Папа умер, когда я была совсем маленькой, поэтому я практически не почувствовала утраты. В детстве столь трагичные события проходят как бы по касательной, не оставляя на душе шрамов.
Во взрослом же состоянии смерть воспринимается донельзя остро. Она пугает. Выбивает почву из-под ног. Заставляет усомниться в справедливости бытия.
По мусульманским канонам хоронить умерших принято в день смерти. Поэтому с восходом солнца в доме воцаряется траурная суета: туда-сюда ходят мужчины в длинных одеяниях и тюбетейках, а из комнаты покойного доносятся молитвы на арабском языке.
В первой половине дня я вижу маму лишь мельком. Она выглядит измученной и глубоко несчастной, но, в целом, держится неплохо. Вероятно, потому что с головой погружается в похоронные хлопоты. Ведь задача достойно проводить Анвара Эльдаровича в последний путь лежит на ее плечах.
Отвлекаю маму от разговора с муллой и тихо интересуюсь, сообщили ли Тимуру о смерти отца. Она коротко кивает. Мол, да, он в курсе. Скорее всего, подъедет уже на кладбище.
Когда процедуры омовения и чтения молитв остаются позади, тело усопшего выносят из дома и загружают в катафалк. Удивительно, но мусульман не наряжают в одежду и хоронят без гроба. Последнее одеяние умершего представляет собой несколько кусков белой ткани, называемых саван. По словам муллы, тело должно касаться земли, так как человеческая плоть создана из нее и должна в нее же возвратиться.

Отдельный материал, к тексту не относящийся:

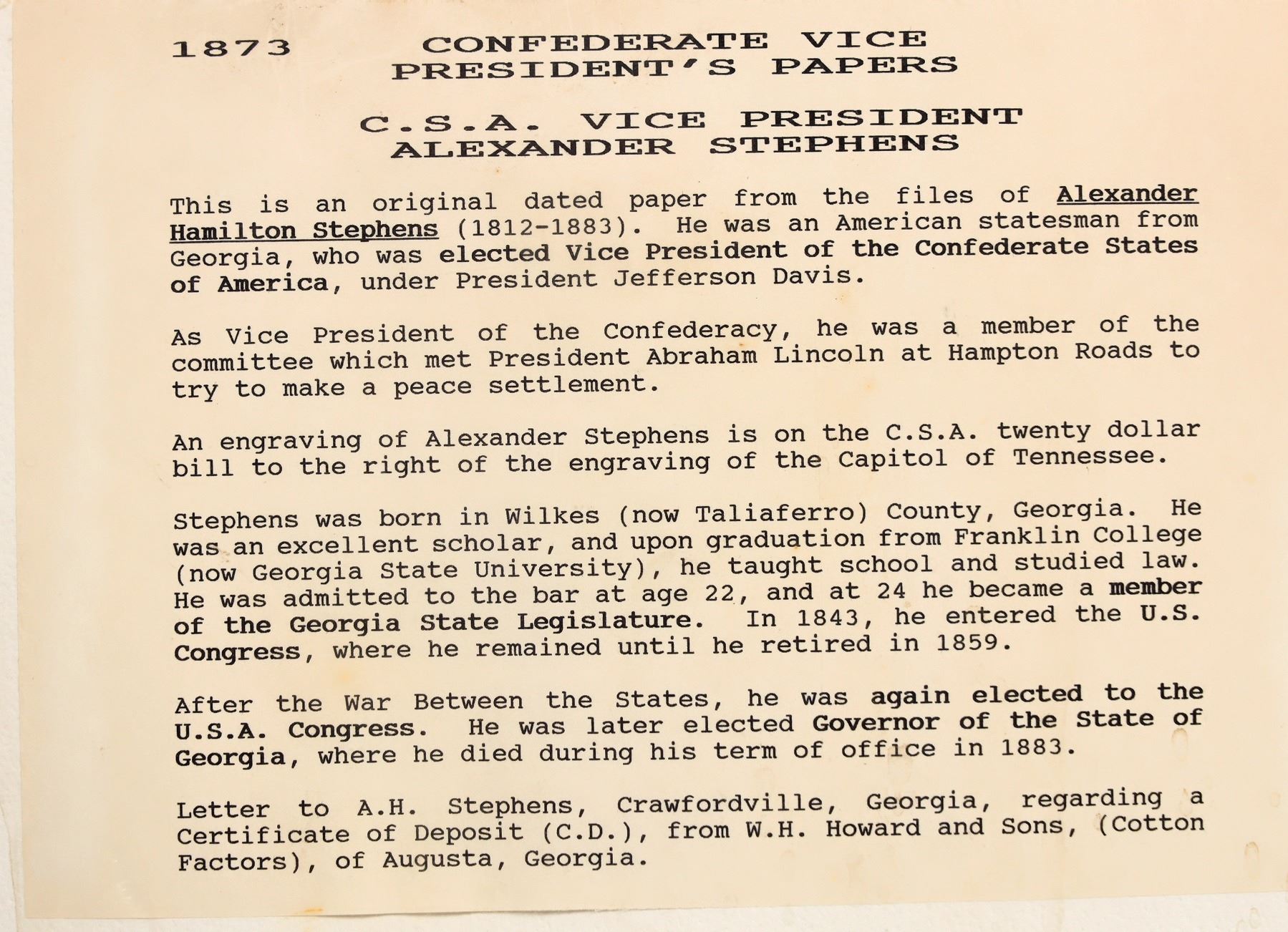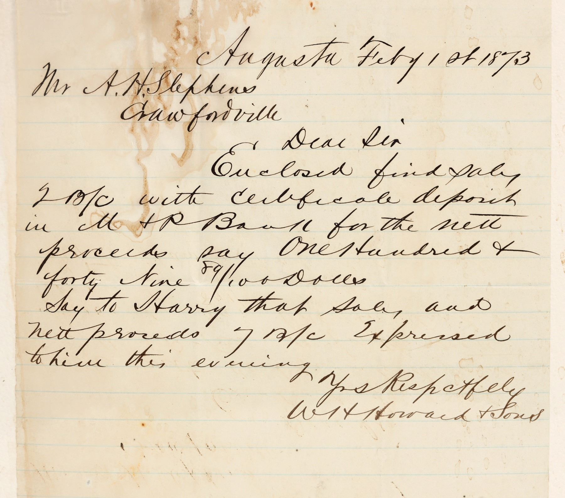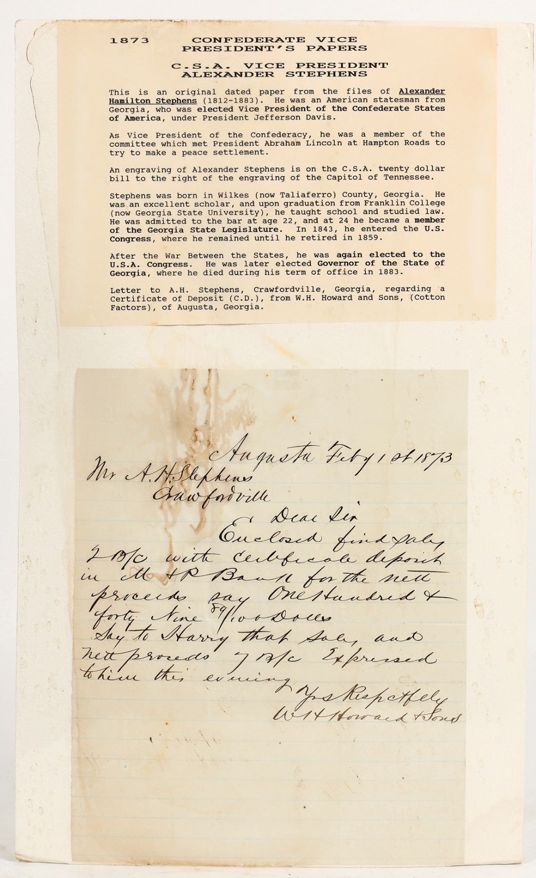 Letter to CSA Vice President from H. Howard and Sons Augusta 1873 regarding banking matters. Alexander H Stephens was the first and only vice president of the Confederate states from 1861-1865.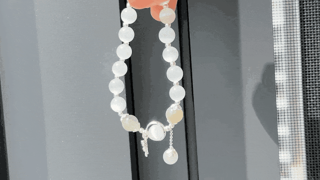 手串采用月光石+合成水晶+玻璃的材质,拿在手里也是那种很有质感的。 整体设计感十足~追求性价比的朋友可以从这款入手~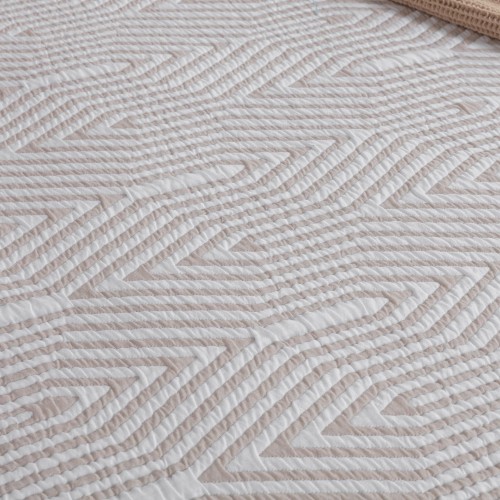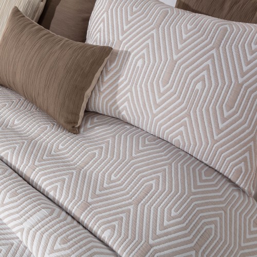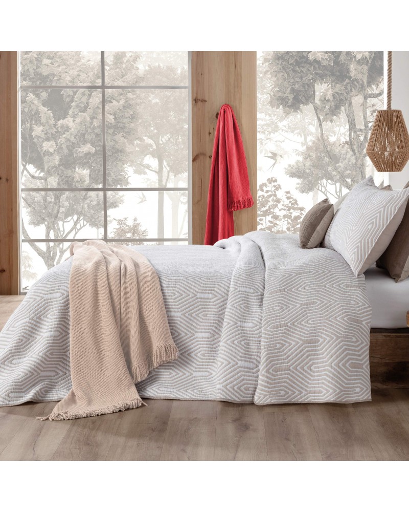 Colcha cubrecama jacquard reversible con cojines geométrico beige - Maltes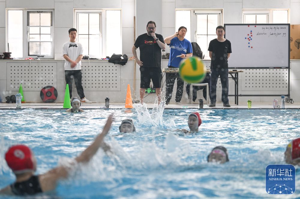 ↑塞奥哈里斯在泳池边指导球队训练(4月24日摄)。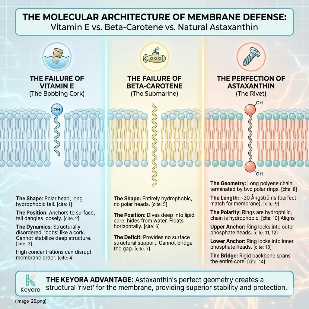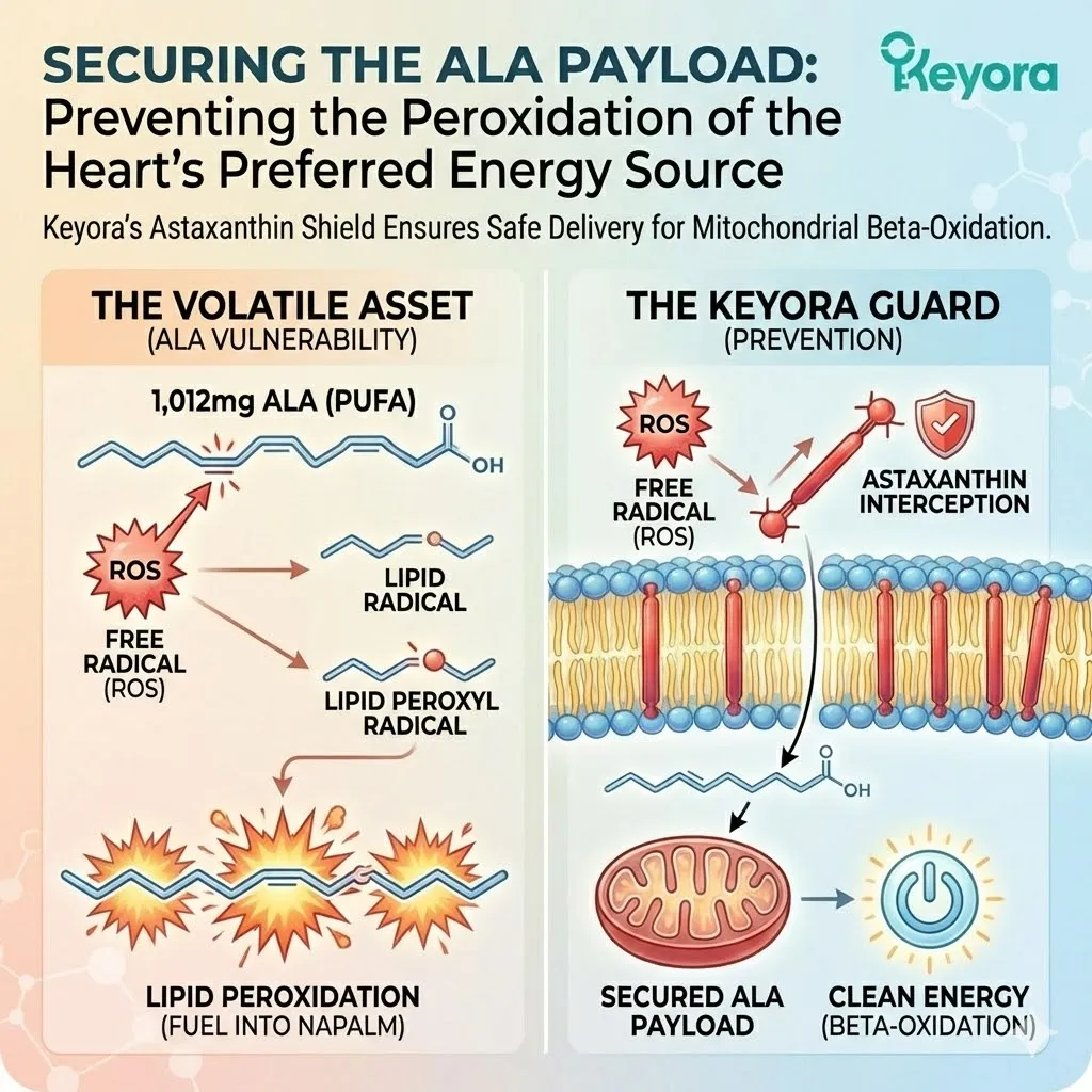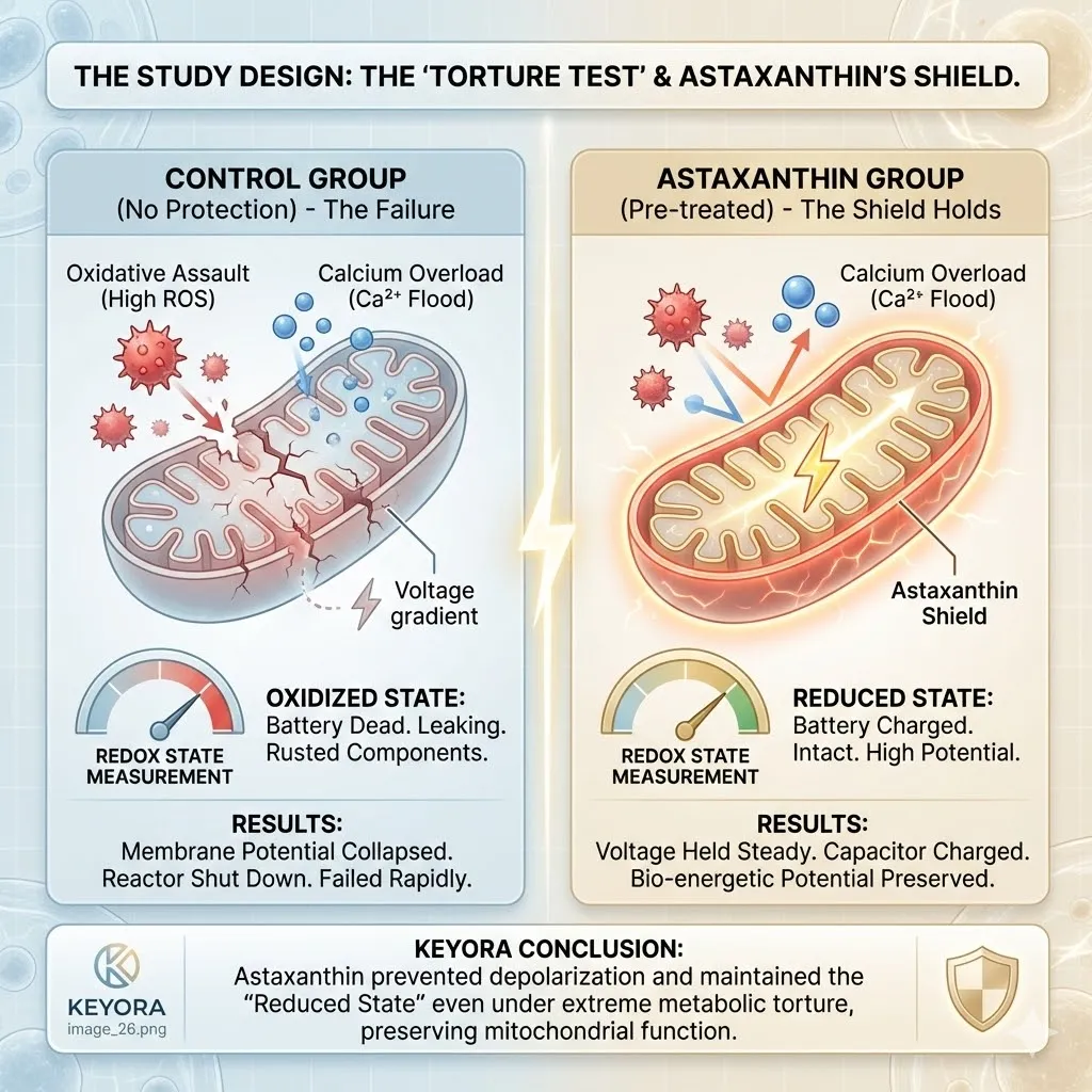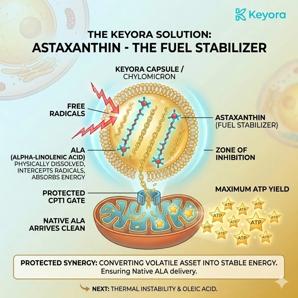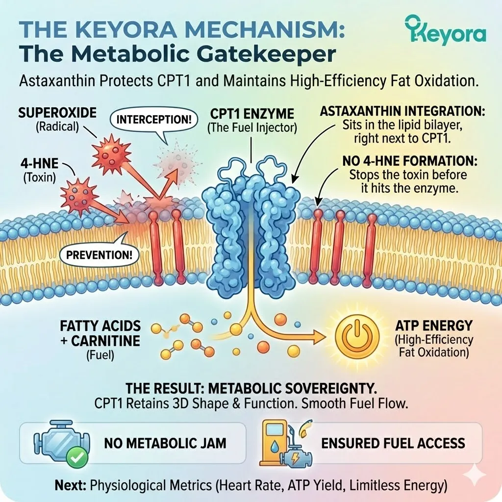 * **The Mechanism:** Astaxanthin intercepts ROS at the membrane surface, preventing 4-HNE formation.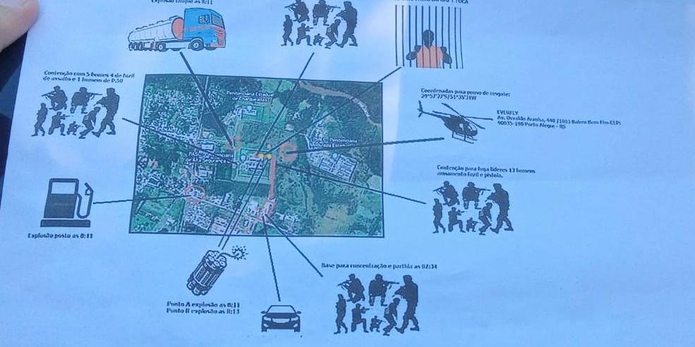 No plano considerado cinematográfico pelas autoridades, com mapas, desenhos e fotos, constava ataques com indivíduos fortemente armados, explosões de posto de combustível e caminhão tanque, rotas de fugas e emprego de um helicóptero. Dois coletes balísticos e munições de fuzil calibre 556 também foram apreendidos no interior do veículo.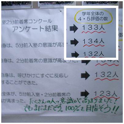 学年委員が主催した運動を受けて、時間への意識が高まっています。多くの生徒がアンケートでよくできたと答えています。このことが授業への集中につながるといいですね。テストも期待できそうです。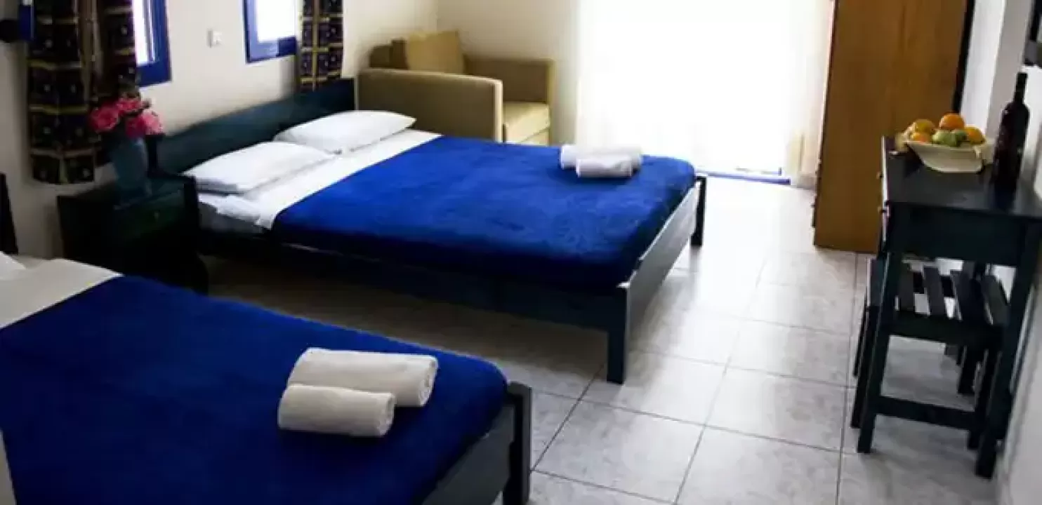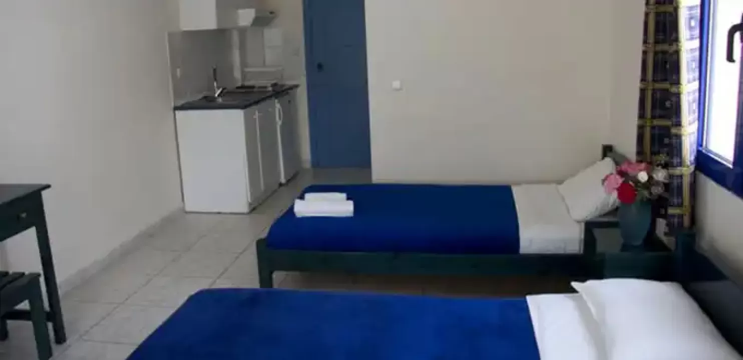 Sve smeštajne jedinice namenjene su za boravak od 2 do 4 osobe i nalaze se u prizemlju i na prvom spratu. Svaki studio ima čajnu kuhinju, kupatilo/wc, fen, terasu, TV, WiFi internet (uz doplatu na licu mesta, od 1€ dnevno po aparatu) i klima uredjaj (uz doplatu na licu mesta, od 5€ dnevno). Preporučuje se za miran, porodični odmor. Sve sobe su renovirane 2018. (nov enterijer, nameštaj i kuhinje).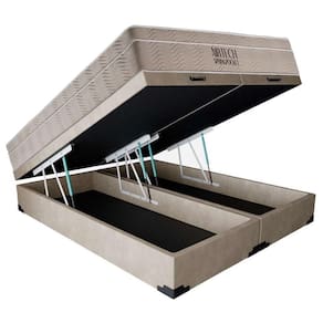 Cama Box Baú Casal Sintético Bipartido Bege + Colchão Ortobom Airtech Molas Ensacadas 65x138x188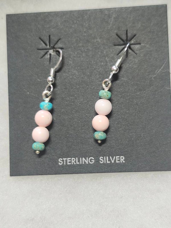 This Solid Sterling Silver Native Southwest earrings features beautiful Conch Shell as the main focal point, with Turquoise. The earrings are handcrafted with eco friendly solid sterling silver with natural gemstones in a Southwestern style, making it a unique and ethnic-inspired piece of jewelry. The jewelry is created using a plasma welder, which ensures a secure weld. The combination of natural turquoise stone, silver metal accents give these earrings a Western and Bohemian flair, perfect for adding a touch of ethnic-inspired style to any outfit.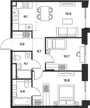 В комплексе предложен широкий выбор планировочных решений от компактных студий площадью 28 кв. метров до просторных пентхаусов с каминами площадью до 156 кв. метров. Также представлены редкие форматы квартир: с террасой, мастер-спальней и окном в ванной комнате. Уникальность проекта заключается в разнообразии типов остекления: в наличии 48 вариантов, включая джабо-окна, французские балконы и эркеры. Высота потолков составляет 3,1 метра, а в пентхаусах достигает 3,6 метра.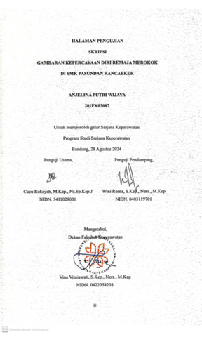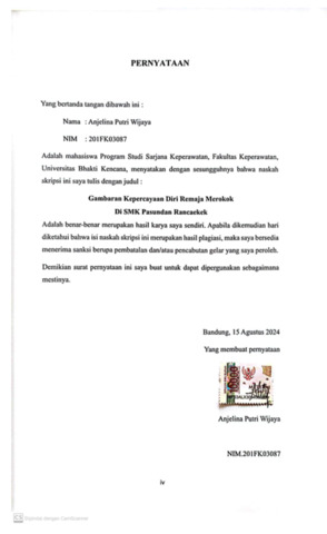 Putri Wijaya, Anjelina (2024) Gambaran Kepercayaan Diri Remaja Merokok di SMK Pasundan Rancaekek. Other thesis, Universitas Bhakti Kencana.

На кладбище я отправляюсь вместе с Борисом, моим бывшим личным водителем. Едем молча, хоть и не виделись много лет. Обсуждать повседневные дела в текущих обстоятельствах кажется каким-то кощунством, поэтому мы просто растворяемся в тишине. Даже радио не включаем.
Когда прибываем к нужному месту, я слегка теряюсь. Как-то не ожидала увидеть такое огромное скопление народу. Хотя, если поразмыслить, это в общем-то логично. Анвар Эльдарович был выдающейся личностью и публичным человеком, поэтому нет ничего удивительно, что столько людей захотели с ним проститься.
Траурный флер дня отражается даже на погоде. Еще вчера на дворе стояло лето, а сегодня она по-осеннему грустная. Небо мрачно хмурится. Пепельно-серые прожилки облаков рассекают высь. Неуютный прохладный ветерок лохматит волосы и треплет листву на деревьях. Зябко. Как внутри, так и снаружи.
Скольжу взглядом по толпам незнакомых лиц и ловлю себя на мысли, что ищу среди них одно. Вполне конкретное. Смуглое, с широким волевым подбородком и резко очерченными скулами.
Но Тимура нигде не видно. Может, он еще не приехал?
Отвлекаюсь на паркующийся неподалеку катафалк и на какое-то время забываю об Алаеве. Слушаю наставления мамы и обмениваюсь вежливыми фразами с людьми, которые пришли почтить память Анвара Эльдаровича.
Я принимаю соболезнования какой-то пожилой тучной дамы, когда на парковку, привлекая всеобщее внимание, заезжает большой тонированный внедорожник. Тимур выходит наружу и, захлопнув дверь, застегивает пиджак на пуговицу. Он одет с иголочки, а лицо по обыкновению лишено всяких эмоций. Там нет ни скорби, ни горя, ни даже печали… Вообще ничего. Абсолютная бесстрастность.
Похоже, Алаев снова спрятался от мира за маской наносного равнодушия. И одному богу известно, что творится под ней.
К Тимуру тут же подтягиваются люди. Он выслушивает слова сочувствия практически молча. Лишь изредка расщедривается на кивки и сухое «спасибо».
В какой-то момент Алаев вскидывает голову, оценивая окружающую обстановку, и наши взгляды пересекаются. Я слукавлю, если скажу, что не ждала этого. Ждала. Намеренно следила за каждым его шагом.